Gaiters

When to use gaiters

The mountains are calling and I must go John Muir

Gaiters provide boot and leg protection against vegetation, pebbles, dirt, mud and snow. They’re helpful in muddy conditions, on tracks with abrasive or stinging scrub, and on off-track walks. In a recent survey about two-thirds of respondents advised that they wore knee-length heavier gaiters most if not all the time while bushwalking.

Materials and Design
Gaiters typically comprise of water resistant uppers that are held in place with Velcro, lace hooks and straps that run underneath the boot.

The level of protection depends on the type of material that the gaiters are made from, and how tall they are. Ankle gaiters only cover the ankle region providing minimal protection and are best for walks with only small amounts of debris, mud and water. Knee-length gaiters cover the whole length of the leg below the knee, giving superior protection.
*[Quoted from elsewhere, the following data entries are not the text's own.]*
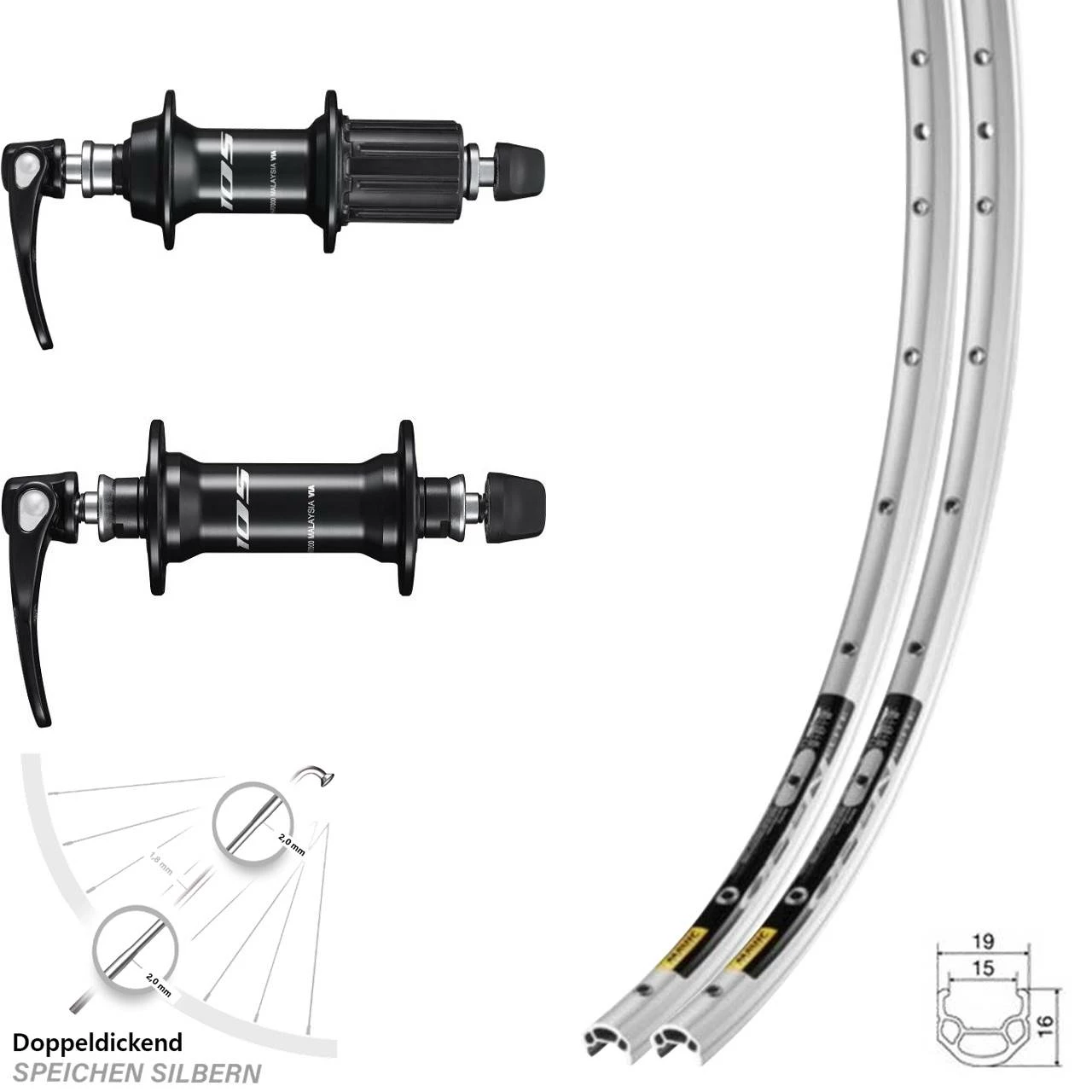 Die verlässlichen Laufräder des Marken-Herstellers Mavic bringen Sie auch nach vielen Kilometern zügig an ihr Ziel. Die silbernen 28 Zoll Felgen (Hinterrad und Vorderrad) sind bei uns im Shop im preisgünstigen Set erhältlich. Dieses beinhaltet neben den silbernen Mavic Open Elite Felgen auch die passenden schwarzen Naben Shimano FH-R7000 schwarz, Shimano HB-R7000 schwarz. Alle Teile unserer Laufrad-Sets sind selbstverständlich farblich und funktional bestens aufeinander abgestimmt und sind an ihrem Fahrrad sofort einbaubereit.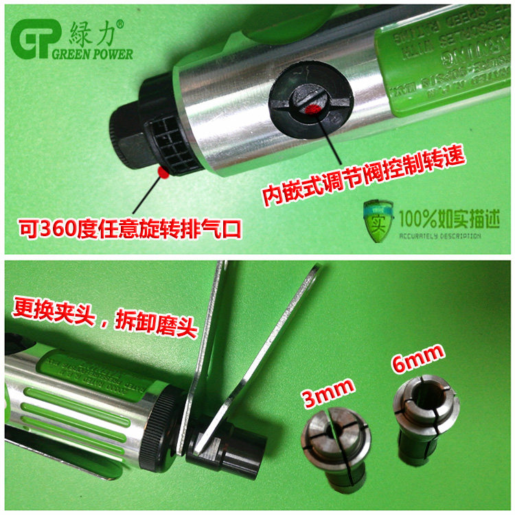 Green Force Pneumatic Sander 313206 Engrave Mill 313206K Suit Wind Mill High Speed Gas Mill Grinding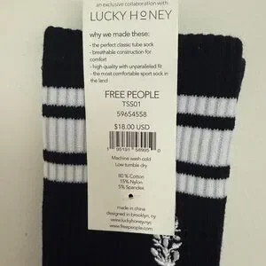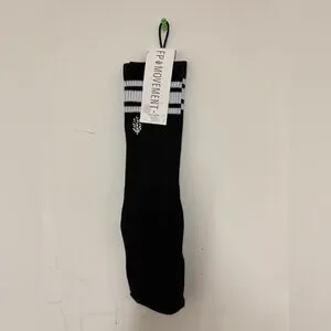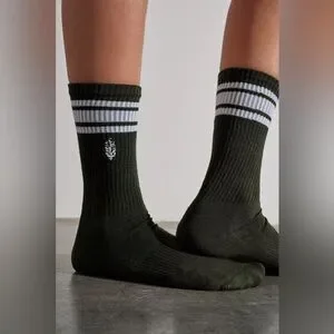 Black ribbed crew socks with white stripes. Stylish and comfortable for athletic wear.

Typical waterproof materials include:

  • Coated nylon
    Most common material used. Lightweight, but less durable than other materials below.
  • Gore-Tex®
    Excellent waterproof and windproof material that also is breathable.
  • Cordura® nylon
    Strong fabric designed to withstand abrasion by rocks and ice.
  • Schoeller® fabrics
    Waterproof, stretchy and flexible.

Select gaiters that give a snug fit, provide the best possible seal and best suits the expected terrain and weather conditions.

Gaiter use
Bushwalkers tend to use gaiters more as they go on more trips. Gaiters are generally not needed on easy to moderate walks. On harder walks, in wetter and muddier conditions and particularly off-track walks, gaiters are very desirable.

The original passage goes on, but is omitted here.